そんなのは恋愛ではない。そう、恋ではなかった。僕はただ、どうしても家族が欲しかった。そのために彼を利用したのだ。彼とは自然消滅以外で別れるビジョンが見えなかったから。たまたま彼は男性で、たまたま僕は周りからは女性とみなされていて、法律上結婚して家族になることが許される間柄だったから。
彼のことは「友達になれそうだな」くらいに思っていた。恋愛対象として意識してはいなかった。誰のことも恋愛対象ではなかった。男性と接する時は、相手に気があると思わせないよう、距離感と言動に気をつけていた。恋愛関係に発展してもいいと決めると、親しくなり過ぎないよう牽制する必要がなくなって楽だった。
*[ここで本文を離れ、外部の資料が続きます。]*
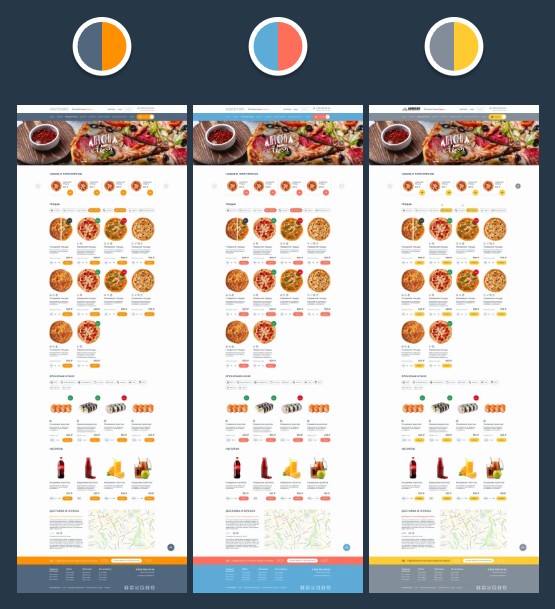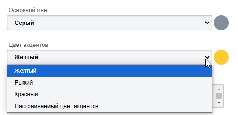 Можно использовать наши цветовые схемы или задавать свои цвета основного цвета (фоны закреп меню в шапке, подвал, мобильное меню) и акцентов (кнопки, фон блока подписки, корзина).

恋ではなかったとしても、愛する覚悟はできていた。家族として迎えた犬を愛するように。たとえ望んで迎えたのではなかったとしても、一緒にいるうちに「うちの子が一番可愛い」と言い出す親バカ飼い主のように。
そういう形で愛することが間違っていたのか、僕にはわからない。確かに好きだったし、可愛いと思っていた。色々なことを許すことができた。それだけでは不十分だったのだろうか。それだけでは、互いに信頼し合うようなパートナーには、なれなかったようだ。
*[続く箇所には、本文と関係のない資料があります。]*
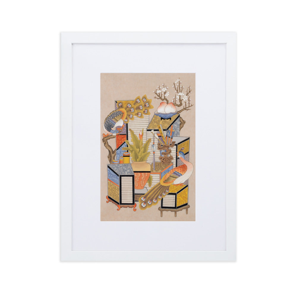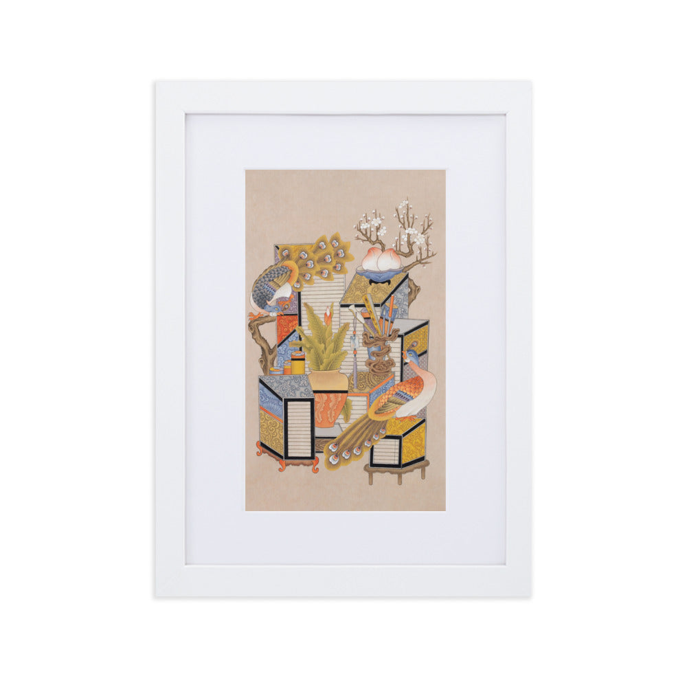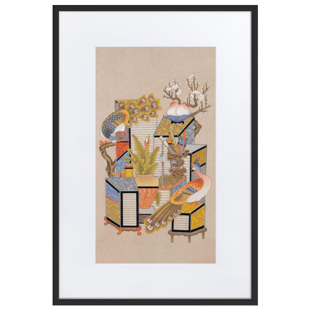 Poster Passepartout - Sehnsucht nach Wissen mit Pfau

彼は僕を信頼していなかったと思う。少なくとも心の内をさらけ出す気はなかったようだ。彼が何を感じ、何を考えているのか、僕にはよくわからなかった。いずれ信頼関係が深まれば話してくれるものと思っていた。そんな期待を抱いていた僕が甘かった。
彼もまた僕のことを理解しなかった。理解しようとはしていたのかもしれない。ただし、僕と直接話すのではなく、ネットで他の男の意見を見ることによって。
彼は僕の言葉ではなく、「女とはこういうものだ」という言説を頼りに僕を扱った。攻略サイトを見てギャルゲーをプレイするように。僕も強くは反論できず、その言説に押し切られた。自分自身が女と思えなくても、女の身体を持つ限りは巷で言われるような言動をしてしまうのかもしれない、と。実際には僕は僕であり、一般論には当てはまらなかったが。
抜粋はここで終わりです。